Honesty also requires that the Arab and wider Muslim world tell the full,
nuanced truth about the past. This includes telling the real, not the rosy,
story of Jewish life historically under Islamic rule. It also means teaching
about the Holocaust, including Jewish vulnerability in Arab lands during
World War II, and it means repudiating Holocaust denial. It means taking
responsibility for the systematic education of tens of millions in anti-Semitic
treatises like The Protocols of the Elders of Zion and in cartoonish imagery
depicting Jews as conspiratorial money-grubbers scheming to take over the
world.
Honesty also means Arab and Islamic nations allowing their own historians
and journalists to question freely their own mythic narratives about the
Israeli-Palestinian conflict in the same way that Israel has allowed. And
honesty means the Muslim world telling the truth about the 800,000 Mizrahi
Jewish refugees. If a grassroots peace is to take hold, Arab states will need
to offer some kind of option of return or monetary compensation to these
Jewish refugees, many of whom lost their homes and all their resources when
they fled. An official apology would mean a lot to these communities, too.

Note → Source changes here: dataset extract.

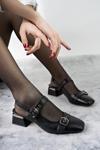 Muggo YUQİ Arkası Açık Küt Burun Çift Kemerli Kadın Günlük Klasik Kısa Topuklu Ayakkabı

Things are so discouraging right now that it looks like only a miracle will help
both sides achieve the kind of peace I’ve described above. But every effort
towards this kind of peace has influence, and hopefully the best aspects of
the human spirit will rise up and help the peoples of the region transform. I
will celebrate Israel’s 60th this week because there is so much to celebrate,
and because I love the country and its people. That love leads me to be both
a defender of, and a critic of, the remarkable place my people calls home.